A moment earlier, Sue Bowles, a parent from the nearby Pasadena Child Development Center, was standing behind Tapiwa in the line, her eyes on the laughing boy looking up at his father. Now her senses filled with screams and cries.
She groped for the boy but encountered a sickening void. Farai Moyo was gone.
Pasadena Child Development Center Tuesday, January 12, 1999
Angie's voice rose at the end of each sentence. "Something different about the way the gate opened in the dark, Hannah, but I couldn't see clearly enough to tell what it was? I think it was something about the sound of the latch? I noticed it, but didn't pay attention, know what I mean? I was planning how I'd use the time before six thirty to set up the room for the kids."
It was six in the morning in the four-year-olds' building at the Pasadena Child Development Center, and the center's director, Hannah Cooper, had arrived early for some quiet work time, but Angie called to her and she'd come right over. Sitting low on a child's chair, she looked up at Angie now, listening deeply, understanding her employee's need to release her agitation. A grandmother in her mid-fifties, Hannah had worked with young children and their families all her adult life. Lines ran from the corners of her mouth like backward quotation marks, etched by sadness as well as laughter. Beneath her short gray curls her alert, deep-set blue eyes looked out at her world.
She took in the sight of Angie leaning against the children's cubbies, her hands bracing her limp body, all her usual vibrancy drained by her need to talk. Though at fifty-five Angie was a few years older than Hannah, her hair was still a deep brown, and she wore it long and straggly.
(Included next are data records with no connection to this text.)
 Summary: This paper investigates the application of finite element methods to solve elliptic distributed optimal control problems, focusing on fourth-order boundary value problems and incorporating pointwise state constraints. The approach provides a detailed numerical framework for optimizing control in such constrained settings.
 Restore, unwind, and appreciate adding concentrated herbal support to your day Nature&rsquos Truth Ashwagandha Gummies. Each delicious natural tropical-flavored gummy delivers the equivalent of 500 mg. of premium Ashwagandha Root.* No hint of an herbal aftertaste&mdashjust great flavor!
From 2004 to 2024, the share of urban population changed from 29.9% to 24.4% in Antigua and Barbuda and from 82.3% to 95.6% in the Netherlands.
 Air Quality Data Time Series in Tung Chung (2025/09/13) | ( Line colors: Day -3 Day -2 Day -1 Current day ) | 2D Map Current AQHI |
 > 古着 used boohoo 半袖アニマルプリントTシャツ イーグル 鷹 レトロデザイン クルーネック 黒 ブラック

It emphasized her customary pallor, and today the pallor verged on green.
"Besides my set-up jobs like taking the kids' chairs off the tables and opening the shades—I open them first thing I come in, even when it's dark?—I had something else in mind. Like I said, I was planning something fresh for the kids—that's why I came in a little before six. That way I have a little more than half an hour."
Hannah opened her mouth to respond, but Angie continued without pause, her chatter streaming like a freeway with no onramps. Her voice was shrill and wobbly, and her words came so fast Hannah had to strain to pick them out.
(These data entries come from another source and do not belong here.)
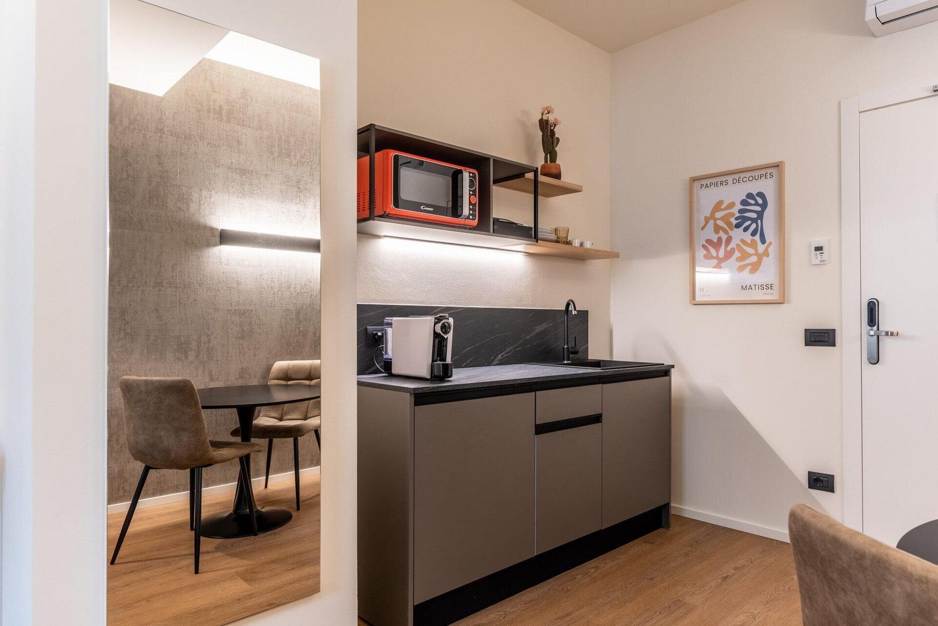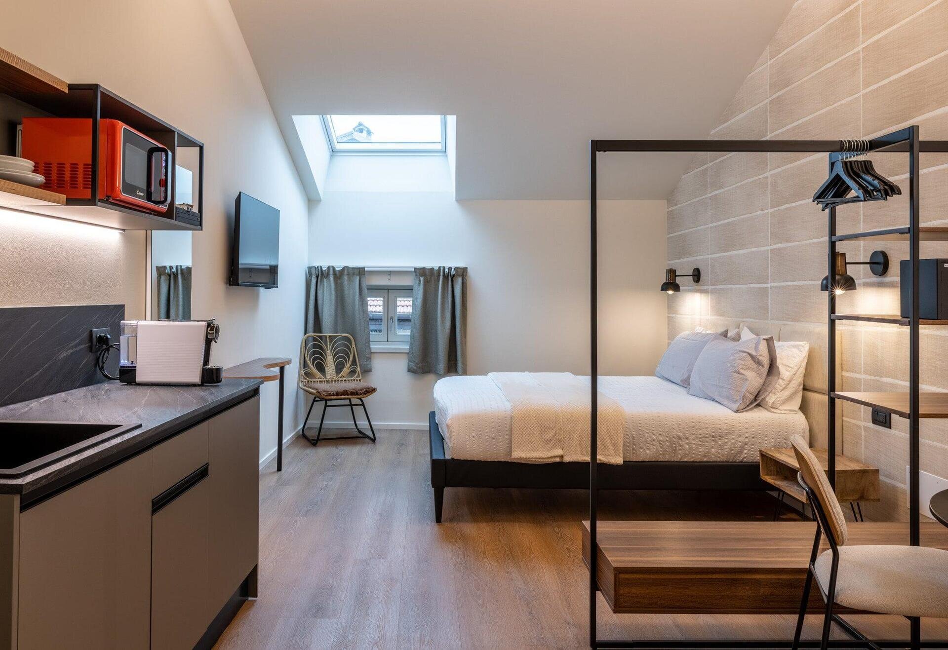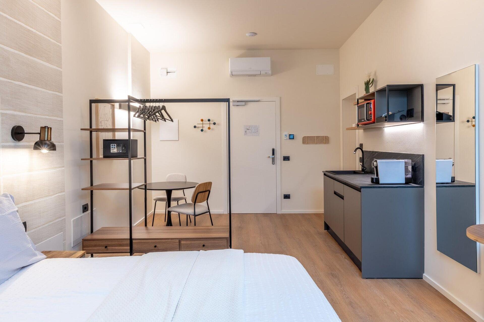 The Place ist auf Kurzzeitaufenthalte für diejenigen spezialisiert, die ein unvergessliches Erlebnis im Herzen von Trient genießen möchten, ideal auch für diejenigen, die aus beruflichen Gründen unterwegs sind. The Place ist strategisch günstig im historischen Zentrum von Trient gelegen, mit Blick auf zwei der wichtigsten Straßen der Stadt, Oriola und Mantova, nur wenige Schritte von der Piazza del Duomo entfernt. Diese zentrale Lage ermöglicht es unseren Gästen, in das wahre Wesen der Stadt einzutauchen, die Schönheiten der Stadt zu bewundern und gleichzeitig eine angenehme Atmosphäre zu genießen. Es ist nicht nur die Lage, die The Place einzigartig macht, sondern auch seine faszinierende Geschichte. Das kürzlich renovierte Gebäude befindet sich im renommierten Palazzo Moncher, dem ehemaligen Wohnsitz von Guido Moncher, dem Luftfahrtpionier und Erfinder des Hubschraubers. Wir glauben fest an die Automatisierung der Dienstleistungen; unsere Einrichtung ist so konzipiert, dass sie den Gästen ein Maximum an Privatsphäre, Sicherheit, Autonomie und flexiblem Zugang garantiert. Wir haben uns für die modernste Technologie des Online-Self-Check-in und der intelligenten Türöffnung für einen Eingang entschieden, der ausschließlich den Gästen von The Place vorbehalten ist. Das eingesetzte Online-Self-Check-in-System macht den Ankunftsprozess schnell, einfach und unkompliziert: Es genügt, die Online-Anmeldung vor der Ankunft auszufüllen.
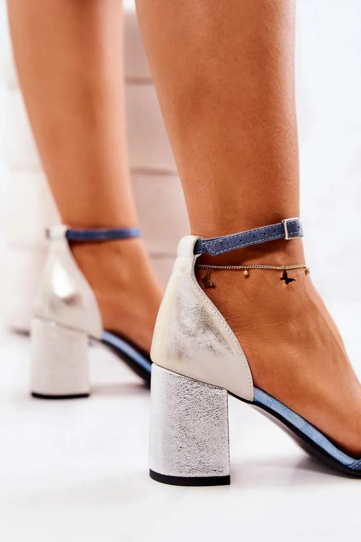 Boto Sandały Na Obcasie*Skórzane Sandałki Na Słupku Przecierane Niebieskie Lorene
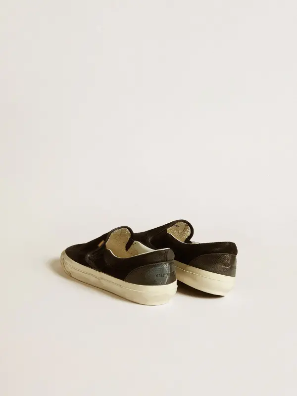 VCE speaks a simple language. Channeling the carefree image of California skate culture, the slip-on design embodies comfort, versatility and freedom of movement. This men's model with a rubber toe and black suede upper features a black leather heel tab.
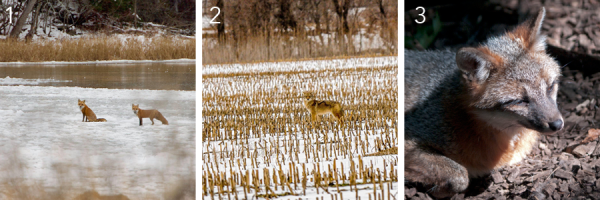 1. Red fox (Craig Newman) | 2. Coyote (Craig Newman) | 3. Gray fox (Cincinnati Zoo)
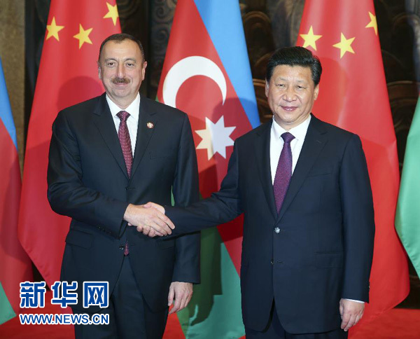 ????習近平表示,中阿兩國友好合作關系在平等互利、相互尊重的基礎上不斷發展。兩國政治關系牢固,互信水平高,務實成果豐碩。中方贊賞阿方在涉及中國核心利益的問題上始終給予的堅定支持,支持阿塞拜疆人民根據本國國情選擇的發展道路,支持阿方維護國家主權、獨立,促進經濟發展的努力。中方愿同阿方一道,密切兩國政府、立法機構、政黨、各部門交往,增進政治互信。中方鼓勵本國企業同阿方在工程承包、基礎設施建設、交通、電信、新能源等領域開展合作,鼓勵兩國人文交流,愿同阿方加強在國際和地區事務中的溝通和協調。

"Some of the teachers think just a few crayons and some paper's enough? Of course when the kids first arrive, it's true they're usually still sleepy, they don't want much stimulation. They won't eat breakfast at home half the time. Heck, a lot of parents don't eat breakfast either! The kids aren't combed, sometimes they're still in their pj's—not ready for some huge super-activity —like, say, making pretzels from scratch—"
Angie laughed at the very idea, then bowed her head and closed her eyes, and Hannah knew she wished she could stay with this part of the story.
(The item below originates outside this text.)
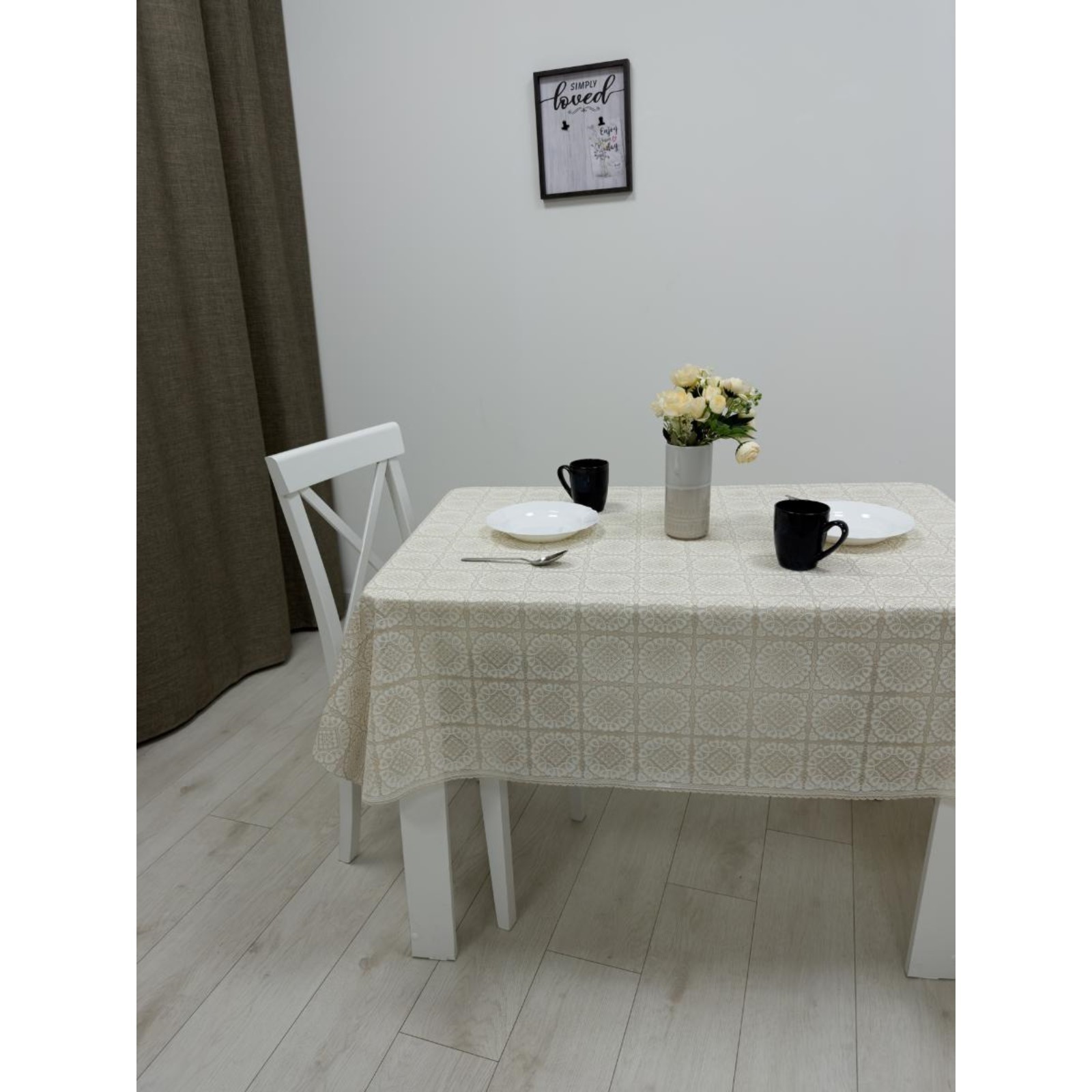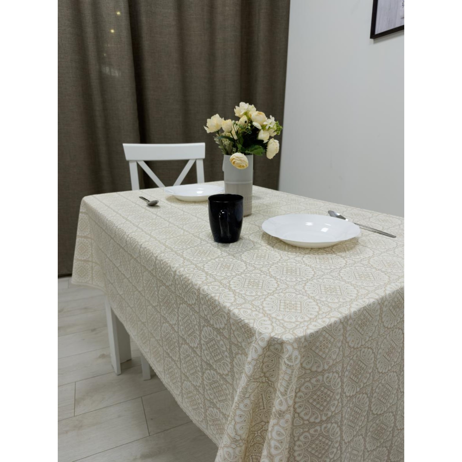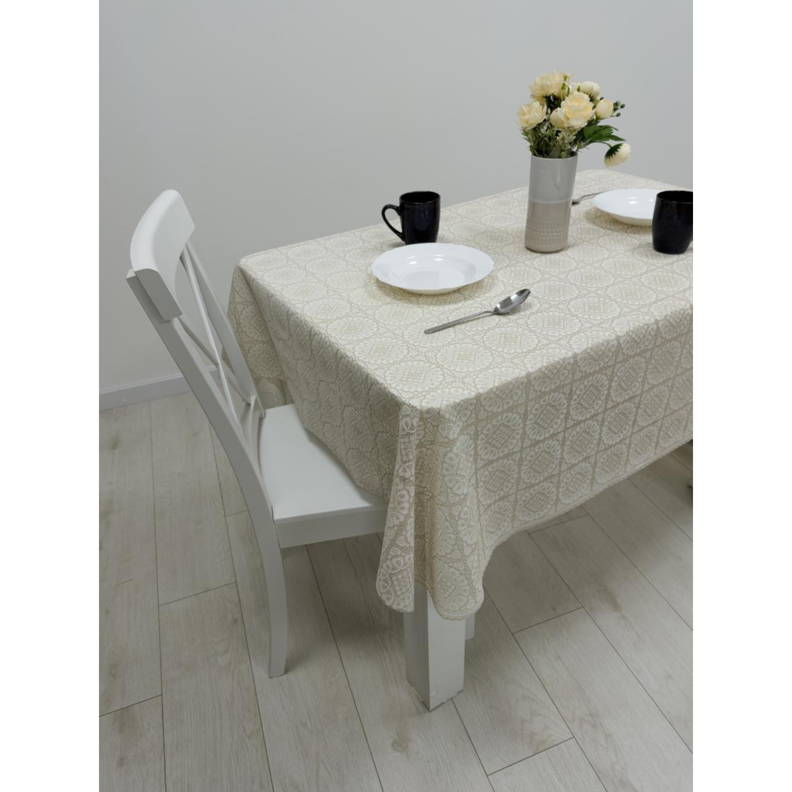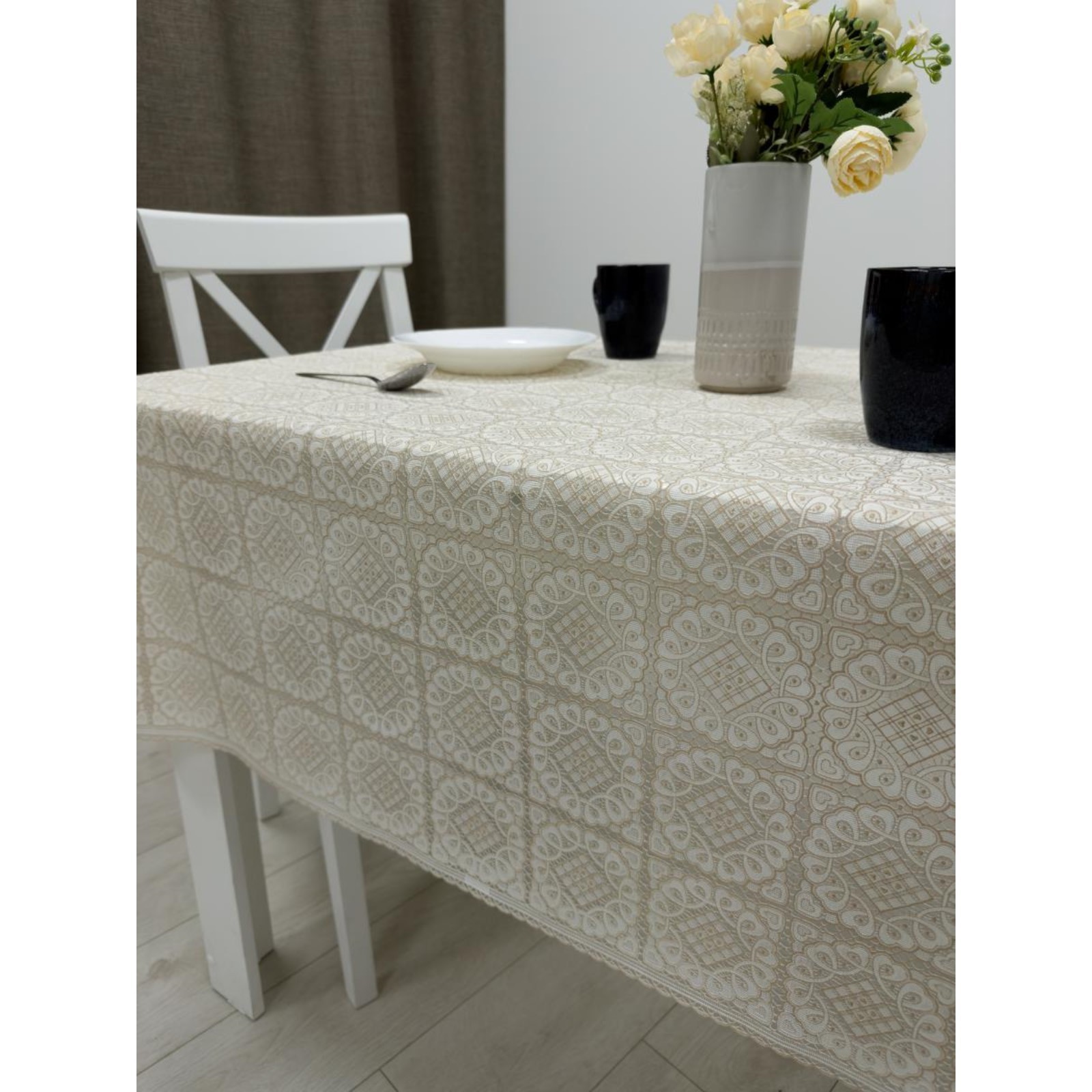 Клеёнка столовая «ажурная», 138 см, рулон 15 пог. м., цвет бежевый

"Go on, Angie," she urged gently.
"Well, I guess I'm getting away from telling you what happened. I was trying to say that just the same old box of crayons and the same old recycled eight-and-a-half-by-eleven paper that parents bring from their offices—well, that's not enough. The kids deserve a little variety, a little imagination, and it helps them ease into their day too. Anyone should be able to see that.
"Not to badmouth anybody, but some of the teachers here just don't seem to get it? Maybe it's because I have kids of my own, I remember what it felt like to coax my own sleepy boys to wake up. Oh God, I wish I could have afforded to send them here instead of leaving them with my grandma... but that's off the subject." She set her mouth into a resolute line.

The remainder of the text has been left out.